I am trying to parse a CSV file (from an external data source) where one of the columns uses inconsistent character encodings. Rather than trying to get the data provider to use a consistent encoding, I would like to just read that column as binary data. However, pandas.read_csv
seems to decode the whole file to a string before parsing, so this is giving me errors (UnicodeDecodeError).
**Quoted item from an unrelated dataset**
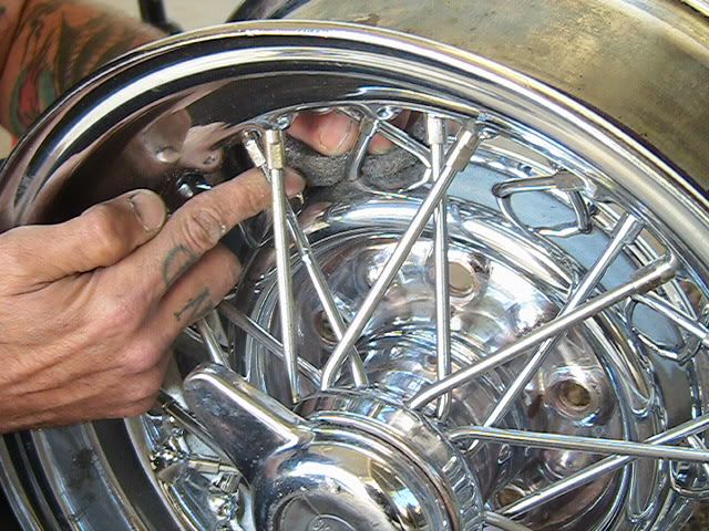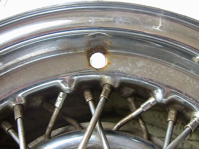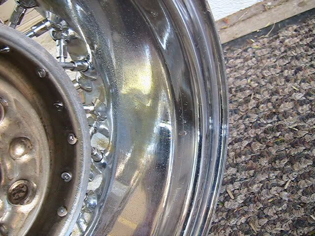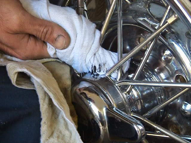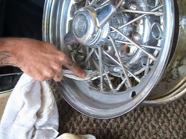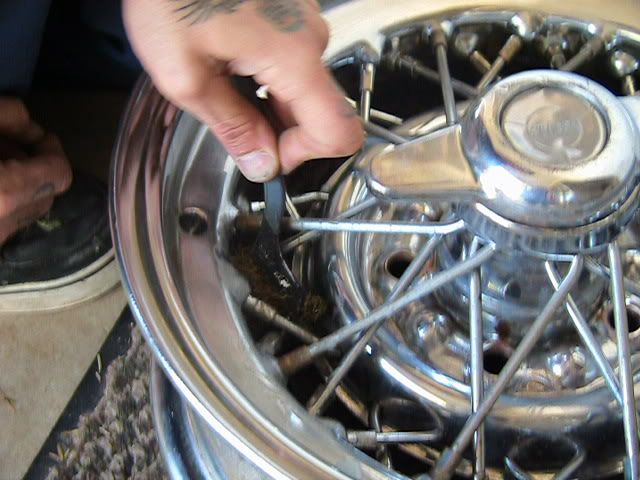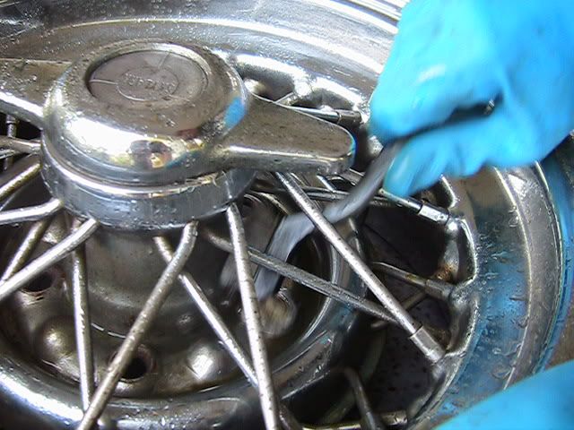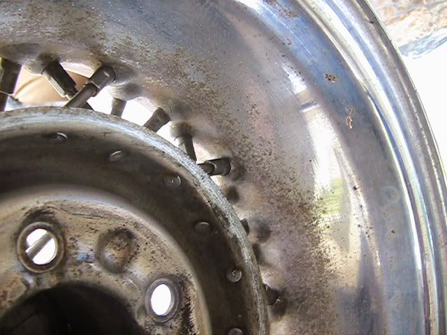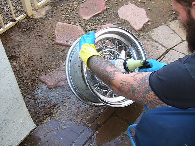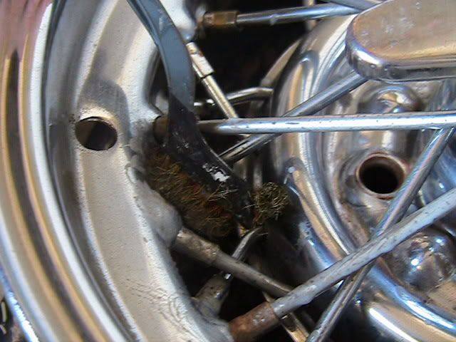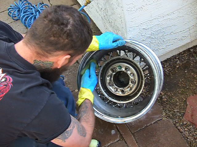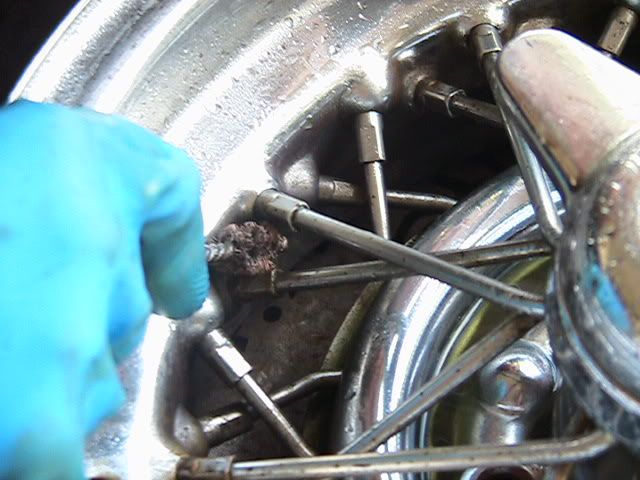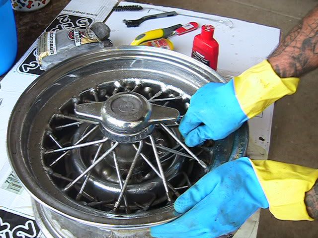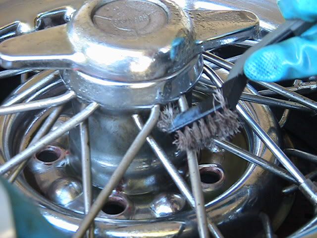Squirt it down with the acid, and scrub it with the steel brushes. Get into all the nooks and crannies. It's amazing how good the acid works! The stuff just falls off. It seems to me the wire brushes don't scratch the chrome, but the rough side of scrubbie does. I used the scrubbie on the backside of the rim.

Here's a toy example (python 3):
>>> from io import BytesIO
>>> import pandas as pd
>>> csv = b'Encoding,Data\nascii,abc\nwindows-1252,\xae\nutf-8,\xe2\x80\x9c1\xe2\x80\x9d\n'
>>> pd.read_csv(BytesIO(csv))
Traceback (most recent call last):
File "pandas/_libs/parsers.pyx", line 1130, in pandas._libs.parsers.TextReader._convert_tokens
File "pandas/_libs/parsers.pyx", line 1254, in pandas._libs.parsers.TextReader._convert_with_dtype
File "pandas/_libs/parsers.pyx", line 1269, in pandas._libs.parsers.TextReader._string_convert
File "pandas/_libs/parsers.pyx", line 1459, in pandas._libs.parsers._string_box_utf8
UnicodeDecodeError: 'utf-8' codec can't decode byte 0xae in position 0: invalid start byte
I would like a result equivalent to this:
>>> df = pd.DataFrame({'Encoding': ['ascii','windows-1252','utf-8'],
... 'Data': [b'abc',b'\xae',b'\xe2\x80\x9c1\xe2\x80\x9d']})
>>> df
Encoding Data
0 ascii b'abc'
1 windows-1252 b'\xae'
2 utf-8 b'\xe2\x80\x9c1\xe2\x80\x9d'
Which could (in this toy example) be further processed like this:
>>> df.apply(lambda row: str(row.Data,row.Encoding), axis=1)
0 abc
1 ®
2 “1”
dtype: object
I'd prefer solutions using only pandas, but I'm willing to look at other parsing libraries if absolutely necessary.